I just finished watching 2 movies tonight-- Camille (Nazimova/Valentino) and The World of Henry Orient, and the juxtaposition showed me something that I hadn't quite tumbled to in Henry Orient: Peter Sellers' comically sleazy avant-garde pianist is in large part a wonderful Valentino-imitator trope. He pursues both Paula Prentiss and Angela Lansbury dressed to the nines and spouting Italian phrases and a put-on accent (which gets dropped whenever Henry Orient gets caught off-guard, which is often and in very hilarious ways), but it is obvious his character is 'doing a (bargain-basement) Valentino' to impress the ladies. What's more, people to this day still get what's meant when someone says, 'He thinks he's Rudolph Valentino'-- he's part of our instinctive cultural mindset at this point.
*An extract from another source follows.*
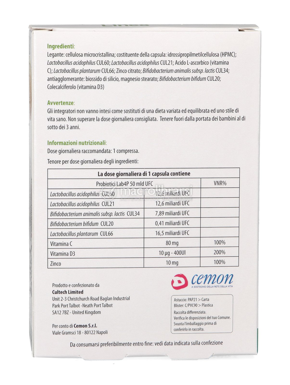 | Disclaimer | Non superare la dose giornaliera consigliata. Gli integratori alimentari non vanno intesi come sostituti di una dieta variata ed equilibrata. Tenere fuori dalla portata dei bambini al di sotto dei tre anni. Non utilizzare in gravidanza e nei bambini o comunque per periodi prolungati senza sentire il parere del medico. Conservare in luogo asciutto e lontano da fonti di calore. Richiudere la confezione dopo l'uso. Macrolibrarsi ricorda l'importanza di seguire uno stile di vita sano e un'alimentazione variata ed equilibrata. |

I also think he was a very competent actor, with an utterly transparent face which clearly and cleanly showed many gradations and shades of emotion to the camera, not just the three (lust, anger and brain-death) in vogue today. Even though his filmography is short, he is luminous in everything, even the flicks with the not-so-hot, cliche-ridden plot-lines.
Lastly, I choose him because of all the actors I have seen in my 60 years-- many of whom were/are pleasing to look at-- only Valentino carves the heart right out of my chest every time I see him on-screen. I don't watch Camille too often because watching him go through about 50 emotions in about a minute and a half during the Hazard d'Or gambling sequence makes me cry every time, though happily, he completely holds his own in the face of Nazimova's constant scenery-chewing.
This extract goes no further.